Switch interval | Elapsed time for cpu_bound in two threads |
---|---|
5 milliseconds | 47.14984970400019 |
500 microseconds | 49.7365762139998 |
50 microseconds | 51.83233763200042 |
5 microseconds | 55.84771065300083 |
1 microsecond | 57.08213459699982 |
These number make sense because as the switching interval decreases, Python spends more time switching context, so the overall execution time increases. Another interesting thing would be setting the switch interval to some large number for the CPU, say 1 second. On my machine, in that case, one thread finishes before the other can make it half way. In the extreme case, the second thread wouldn’t even start before the first had finished.

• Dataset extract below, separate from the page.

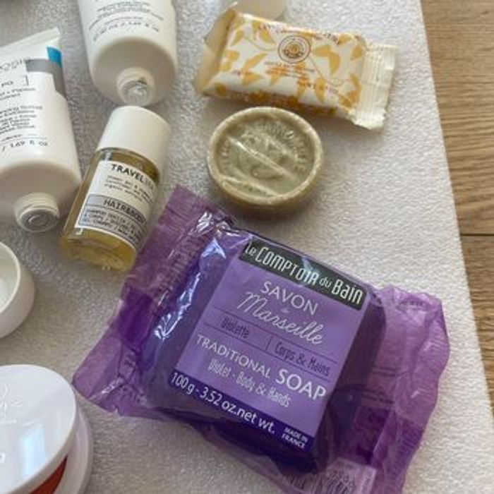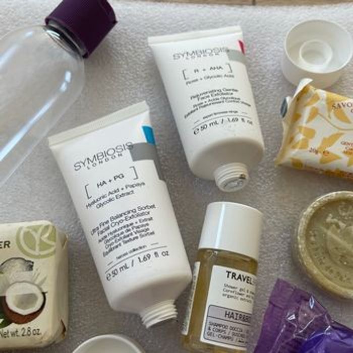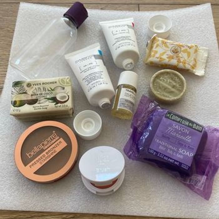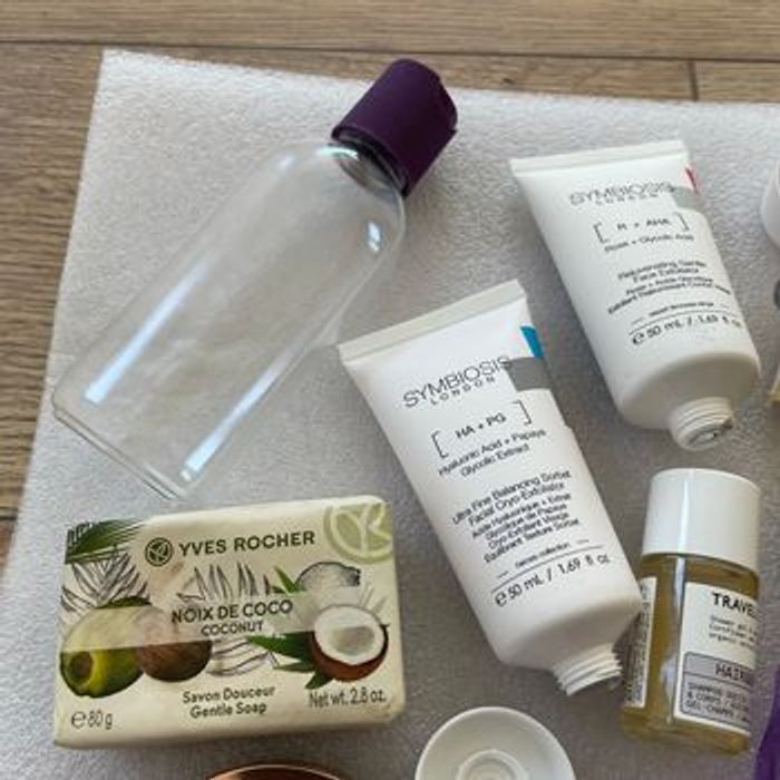 4 Savon emballé, un blush tout neuf une poudre bonne mine un petit gel, douche pour voyager un flacon à remplir pour voyager en avion et deux produits Symbiosis, London, exfoliant pour le visage

Mixing CPU Bound and I/O Bound Problems Link to heading
For the final experiment we will have one cpu_bound
thread and twenty
io_bound
threads.
io_bound_threads = [
threading.Thread(target=io_bound, args=(str(i), 20, 1))
for i in range(1, 21)
]
cpu_bound_threads = [
threading.Thread(target=cpu_bound, args=(str(1), 250_000_000))
]
threads = io_bound_threads + cpu_bound_threads
t1 = time.perf_counter()
for thread in threads:
thread.start()
for thread in threads:
thread.join()
t2 = time.perf_counter()
print(f'elapsed for {len(threads)} threads: {t2 - t1}')
The total time for one CPU bound thread and twenty I/O bound threads is
24.7099137109999
, which is pretty neat. It means that you can run one
intensive CPU task and many I/O bound tasks without those tasks suffering
much in performance.
Conclusion Link to heading
Maybe with the current plan of removing the GIL, such considerations will no longer apply. Until and if that happens, the GIL is here to stay and understanding its impact is important if you have to write concurrent code. To reiterate once more, if your problem is I/O bound, multithreading is a good approach. If your problem is CPU bound, multiprocessing is the way to go with one caveat. Spawn as many processes as there are available cores.